[SUPPLIED ENTRIES]
===============
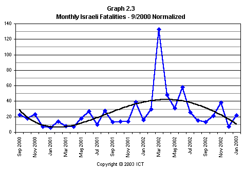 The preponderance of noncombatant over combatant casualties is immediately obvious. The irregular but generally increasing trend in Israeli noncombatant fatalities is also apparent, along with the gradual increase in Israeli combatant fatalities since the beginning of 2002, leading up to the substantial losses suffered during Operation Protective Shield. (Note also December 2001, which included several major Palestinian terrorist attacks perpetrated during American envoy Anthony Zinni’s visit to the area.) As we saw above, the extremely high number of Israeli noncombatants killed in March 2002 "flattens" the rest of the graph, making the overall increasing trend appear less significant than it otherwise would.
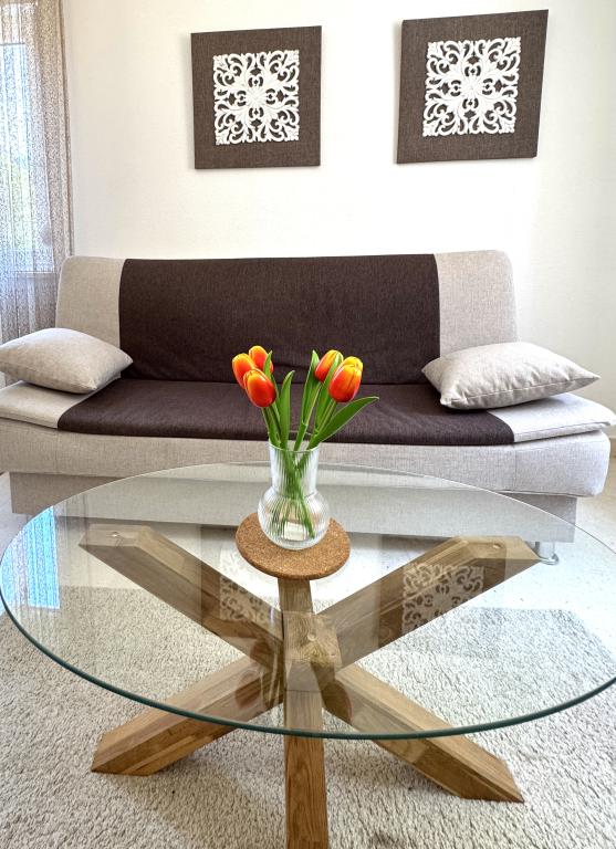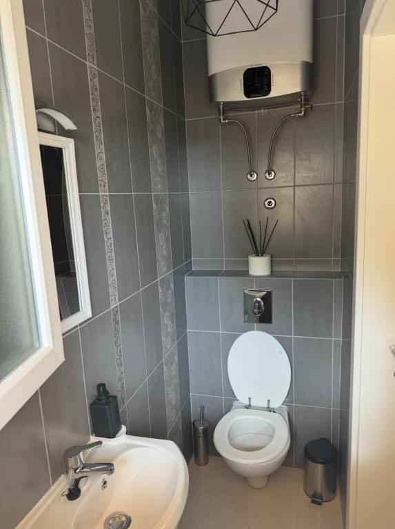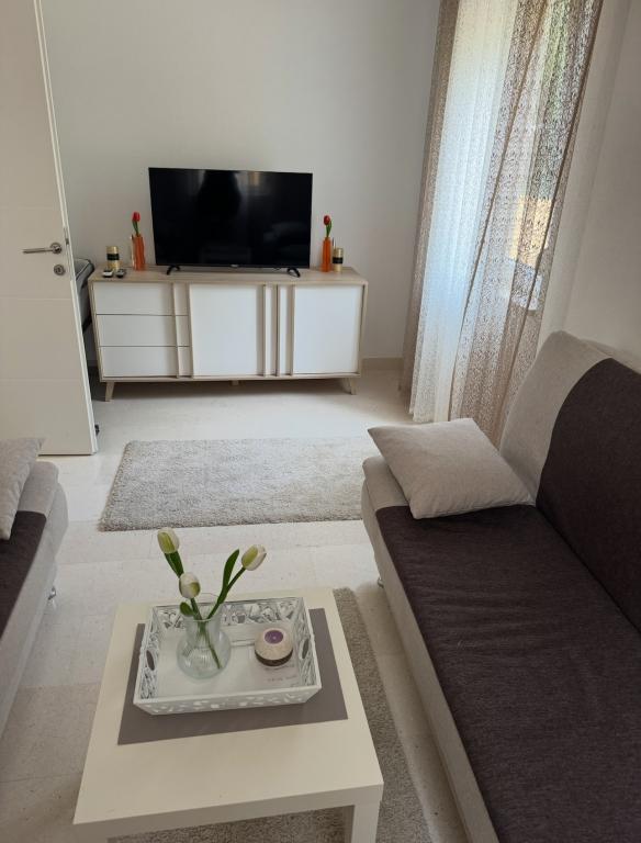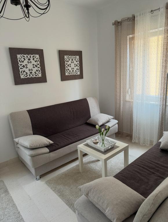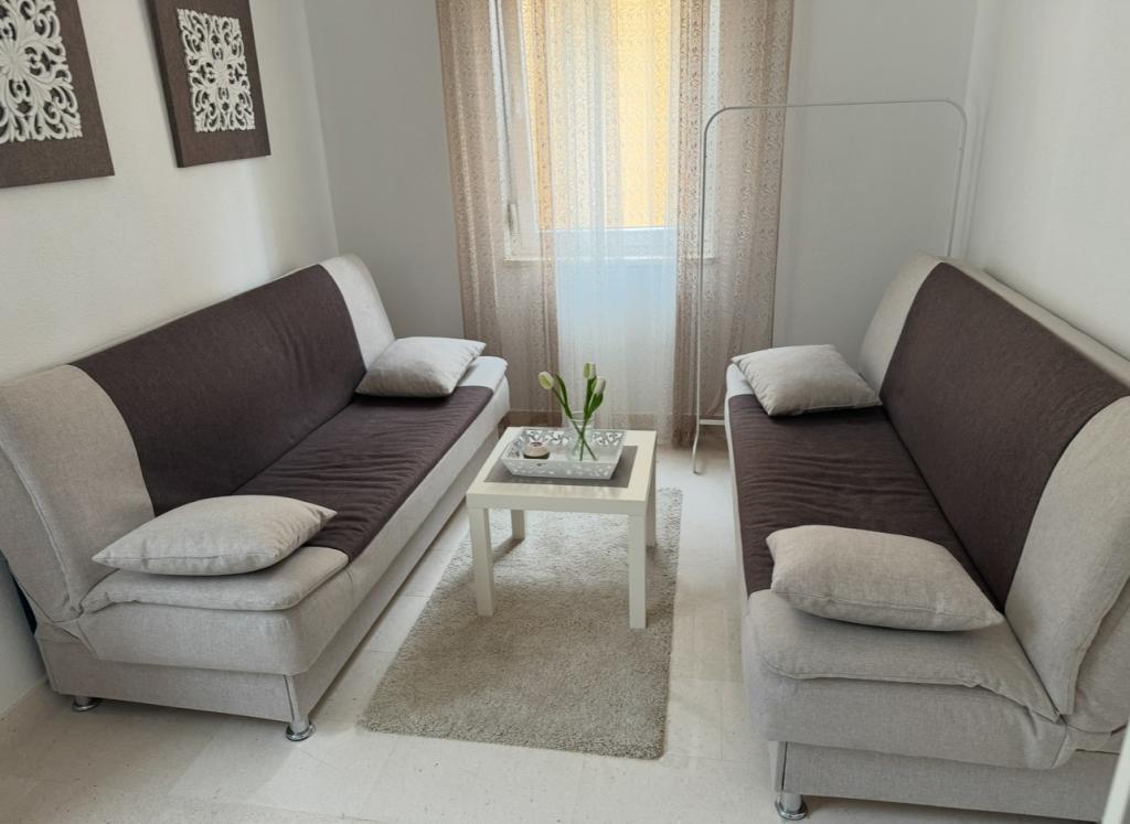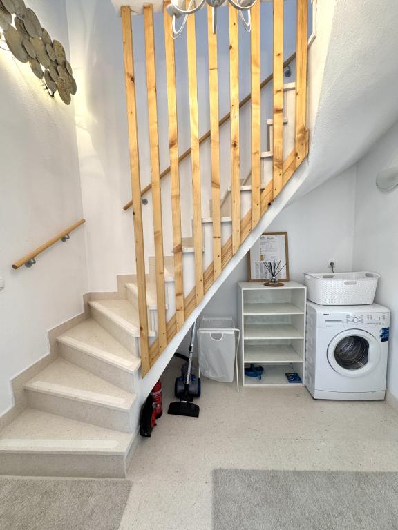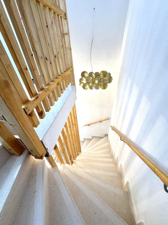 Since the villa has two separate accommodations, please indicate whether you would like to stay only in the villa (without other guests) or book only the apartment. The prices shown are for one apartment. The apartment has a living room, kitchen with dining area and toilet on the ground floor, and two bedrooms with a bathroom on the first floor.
===============
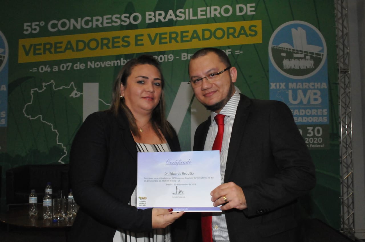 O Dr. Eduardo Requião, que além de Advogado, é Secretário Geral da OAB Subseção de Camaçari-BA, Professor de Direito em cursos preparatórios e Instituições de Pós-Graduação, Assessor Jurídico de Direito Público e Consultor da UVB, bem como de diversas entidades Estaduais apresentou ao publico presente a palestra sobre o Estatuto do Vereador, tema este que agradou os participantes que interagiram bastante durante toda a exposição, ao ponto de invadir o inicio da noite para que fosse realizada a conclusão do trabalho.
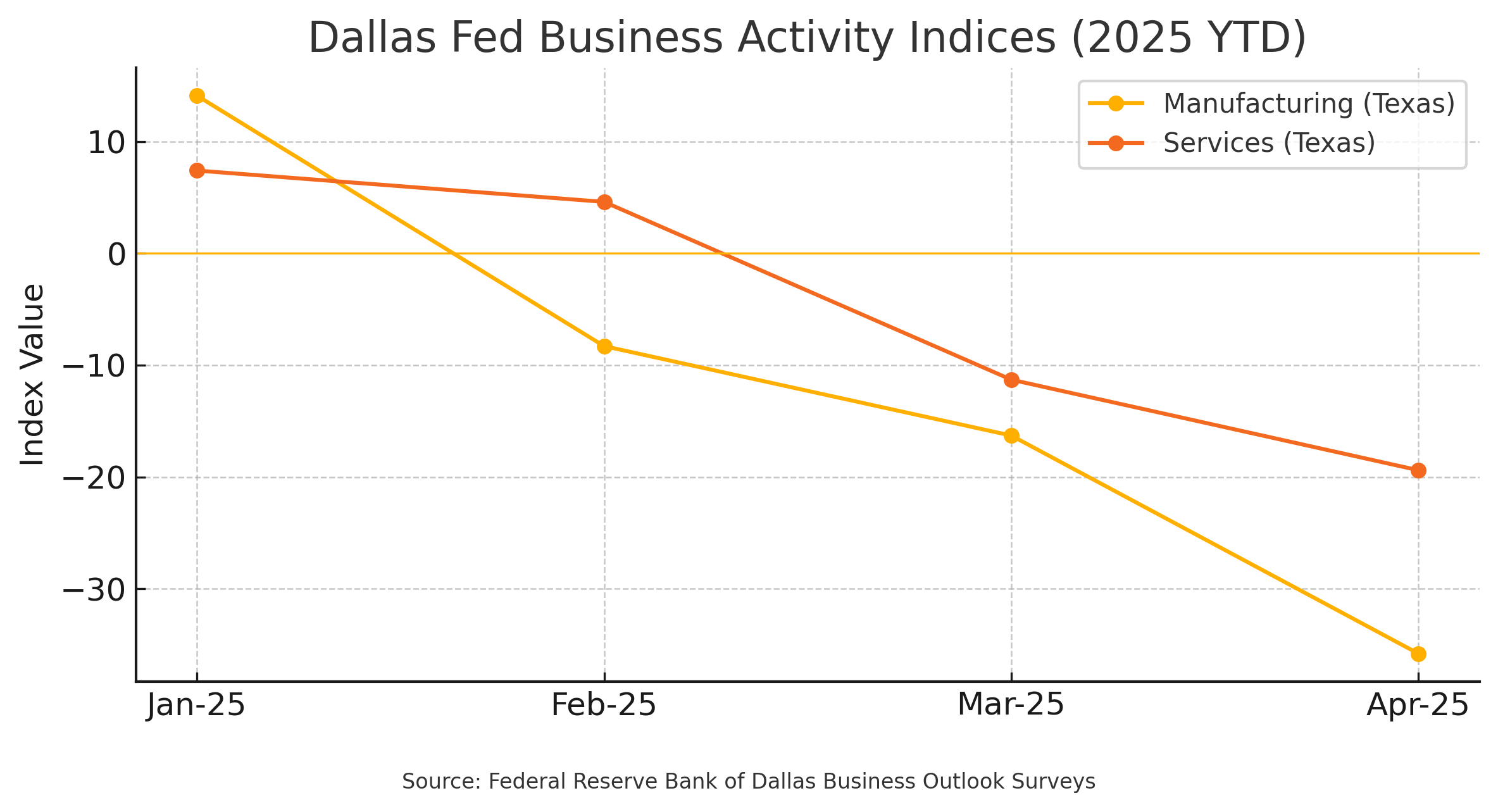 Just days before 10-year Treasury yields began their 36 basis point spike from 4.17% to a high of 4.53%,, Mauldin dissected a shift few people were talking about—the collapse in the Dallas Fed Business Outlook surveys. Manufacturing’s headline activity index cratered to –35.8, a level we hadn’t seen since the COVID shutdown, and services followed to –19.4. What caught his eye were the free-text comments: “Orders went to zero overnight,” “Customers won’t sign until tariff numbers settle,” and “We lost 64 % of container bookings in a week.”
===============
[WHAT TO PRODUCE] Your answer must be everything above from the line with "The preponderance of" down to the line with "Since the villa", word for word, and no pictures.

[ANSWER FOR THE TASK]
 The preponderance of noncombatant over combatant casualties is immediately obvious. The irregular but generally increasing trend in Israeli noncombatant fatalities is also apparent, along with the gradual increase in Israeli combatant fatalities since the beginning of 2002, leading up to the substantial losses suffered during Operation Protective Shield. (Note also December 2001, which included several major Palestinian terrorist attacks perpetrated during American envoy Anthony Zinni’s visit to the area.) As we saw above, the extremely high number of Israeli noncombatants killed in March 2002 "flattens" the rest of the graph, making the overall increasing trend appear less significant than it otherwise would.
 Since the villa has two separate accommodations, please indicate whether you would like to stay only in the villa (without other guests) or book only the apartment. The prices shown are for one apartment. The apartment has a living room, kitchen with dining area and toilet on the ground floor, and two bedrooms with a bathroom on the first floor.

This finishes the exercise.